Valve lesions can be congenital (due to disorders of intrauterine development) or acquired, that is, occurring during life under the influence of diseases, infections or injuries. In most cases, complex congenital defects require surgical correction in both children and adults.

Pulmonary valve

Also known as the pulmonary valve. The structure of the pulmonary valve is similar to that of the aortic valve. The valves have a semilunar shape; normally there are three of them (anterior, left and right). Similar to the valves, the sinuses are called sinuses, which are united with the pulmonary trunk through an arched ring (sinotobular junction). Like other valves, the pulmonary valve also has a fibrous ring and a commissure.

Associated diseases: pulmonary valve stenosis, pulmonary valve regurgitation.

What are the types of congenital heart defects?

  • pulmonary valve stenosis
  • stenosis of the aortic valve, aortic orifice, subvalvular stenosis;
  • mitral stenosis - narrowing of the bicuspid atrioventricular valve;
  • Mitral valve insufficiency - incomplete closure of the bicuspid atrioventricular valve;
  • Mitral valve prolapse - excessive length of one or two valve leaflets;
  • aortic valve insufficiency;
  • tricuspid stenosis;
  • triscupidal insufficiency;
  • defects of the interatrial and interventricular septum;
  • anomalies in the development of heart cavities: Ebstein's anomaly, single atrium, single ventricle;
  • transposition of large vessels - aorta and pulmonary artery;
  • tetralogy of Fallot;
  • open arterial (Botallov) duct;
  • coarctation of the aorta;
  • The most common congenital heart defect is an abnormal communication between the atria—atrial septal defect.

Aortic valve

The tricuspid valve, located at the mouth of the aorta, separates the cavity of the left ventricle from the aorta. Behind the three semilunar cusps (right coronary, left coronary and posterior non-coronary) of the aortic valve are dilated pockets of the aortic ostium, called sinuses of Valsalva. The right coronary artery arises from the right coronary sinus, and the left coronary artery arises from the left coronary sinus. The area where all three valves meet is called the commissure.

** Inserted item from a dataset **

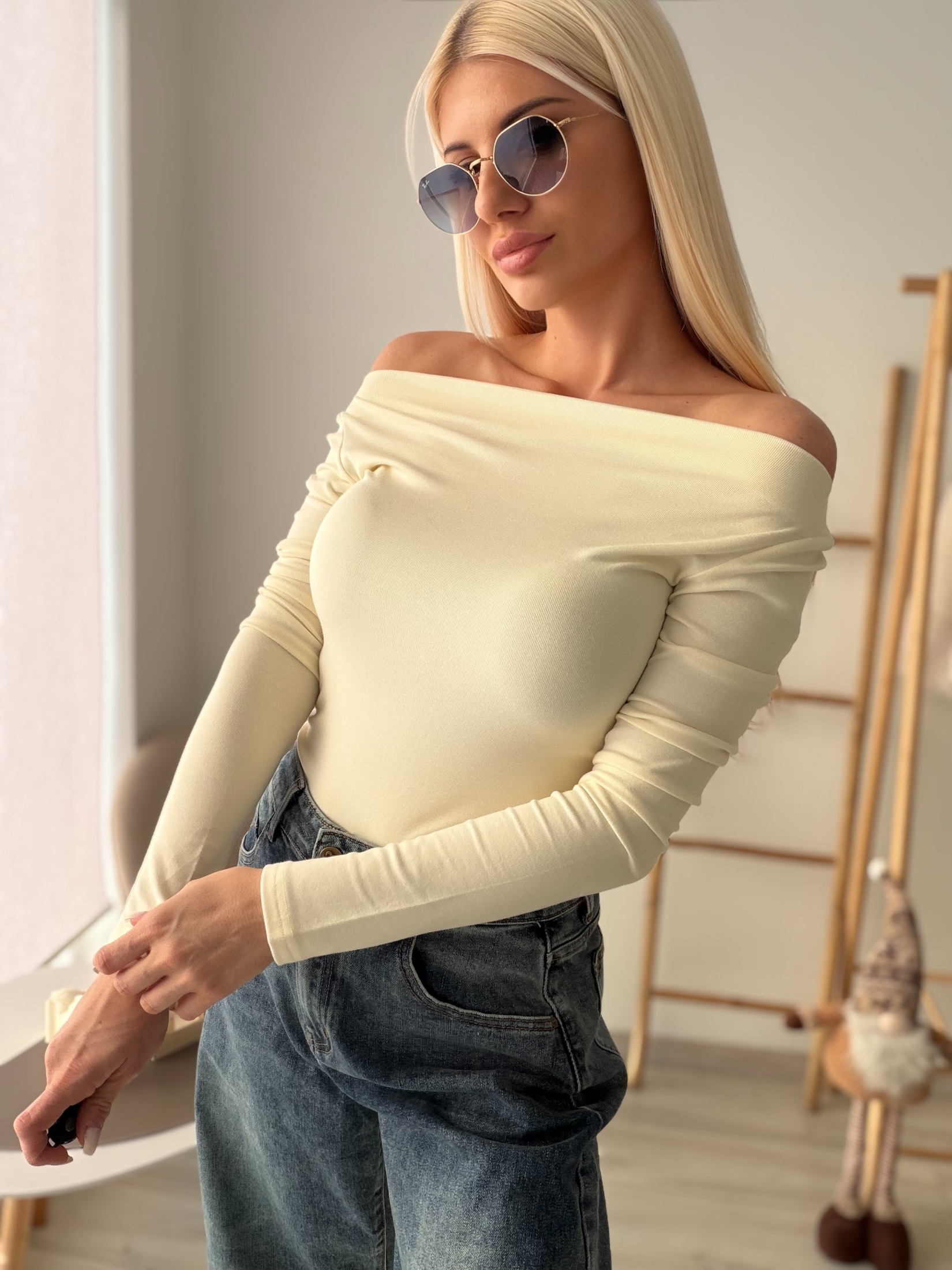Елегантна блуза "лодка" в нежен екрю цвят, идеална за всеки повод.

The opening and closing of the aortic valve is a passive pressure-controlled mechanism, unlike the mitral valve.

The tissue of the aortic valves is stretched as a result of counteraction during diastole, and elastin elongates and stretches. Therefore, normally the aortic valve leaflets are quite flexible and durable, able to withstand systemic pressure. During the systole phase, the release of elastin ensures relaxation and shortening of the leaflet. Optimal valve function requires perfect alignment of the three return points.

Associated diseases: aortic regurgitation (also called aortic regurgitation), aortic stenosis.

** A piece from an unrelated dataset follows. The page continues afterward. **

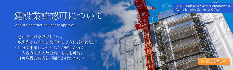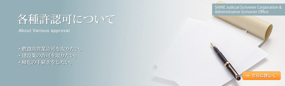- 各種許認可について ・飲食店営業許可を取りたい。 ・建設業の許可を取りたい。 ・帰化の手続きをしたい。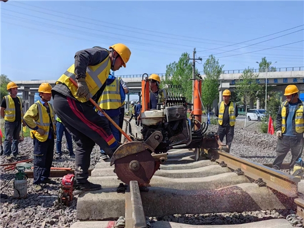 上午8時(shí)許,隨著駐站聯(lián)絡(luò)員精準(zhǔn)的天窗施工報(bào)點(diǎn)后,上、下行線共200余名作業(yè)人員迅速上道,開(kāi)始鋸軌、清除既有線枕木頭及枕木盒道碴、整平既有道床、撥移既有線路與預(yù)鋪線路連接等工作,并在線路撥移到位后,迅速進(jìn)行鋼軌焊接、上碴整道、大機(jī)搗固、精調(diào)等作業(yè)。隨后,工務(wù)檢查軌道靜態(tài)幾何尺寸,并進(jìn)行電氣信號(hào)聯(lián)鎖試驗(yàn),于中午12:30分左右完成施工,恢復(fù)線路。為確保營(yíng)業(yè)線施工安全質(zhì)量進(jìn)度全面受控,項(xiàng)目部超前謀劃,統(tǒng)籌組織,突出關(guān)鍵環(huán)節(jié)和重點(diǎn)工序,從資源配置、方案優(yōu)化、安全質(zhì)量等方面入手,明確責(zé)任分工,優(yōu)化組織設(shè)計(jì),動(dòng)態(tài)跟蹤調(diào)整,并嚴(yán)格按照鐵路部門有關(guān)文件要求設(shè)置封鎖及慢行防護(hù),最終圓滿完成了撥接施工任務(wù)。

Diagnosis and treatment of heart disease

Cardiac surgeons can recognize and eliminate the defect in a timely manner. In most cases, x-ray surgeons close the defect using catheter technology without resorting to an incision.

  • A defect may appear between the ventricles of the heart - a ventricular septal defect.
  • Often the defects are combined with anomalies of the valvular apparatus of the heart or large vessels.
    The valvular apparatus of the heart consists of four valves: mitral (bicuspid), tricuspid (three-cuspid), aortic and pulmonary valve. The functioning of the heart depends on the coordinated and correct functioning of these structures.

    There are two main types of valve disease: valve insufficiency and stenosis.

    When there is insufficiency, the valve leaflets do not close completely, leaving a gap through which blood is thrown in the opposite direction to the normal direction. And with stenosis, the valves do not open completely, preventing normal blood flow. Isolated lesions of the heart valves are relatively rare; they are very often observed in other congenital heart defects. For example, a bicuspid acortical valve is often found in people with a patent ductus arteriosus. With this defect, part of the blood (rich in oxygen) from the aorta, which is not closed after the birth of the child, enters the pulmonary artery, causing an overload of the right side of the heart. In children and adolescents, such an abnormal message is most often eliminated without surgery, by installing a “plug” through the catheter.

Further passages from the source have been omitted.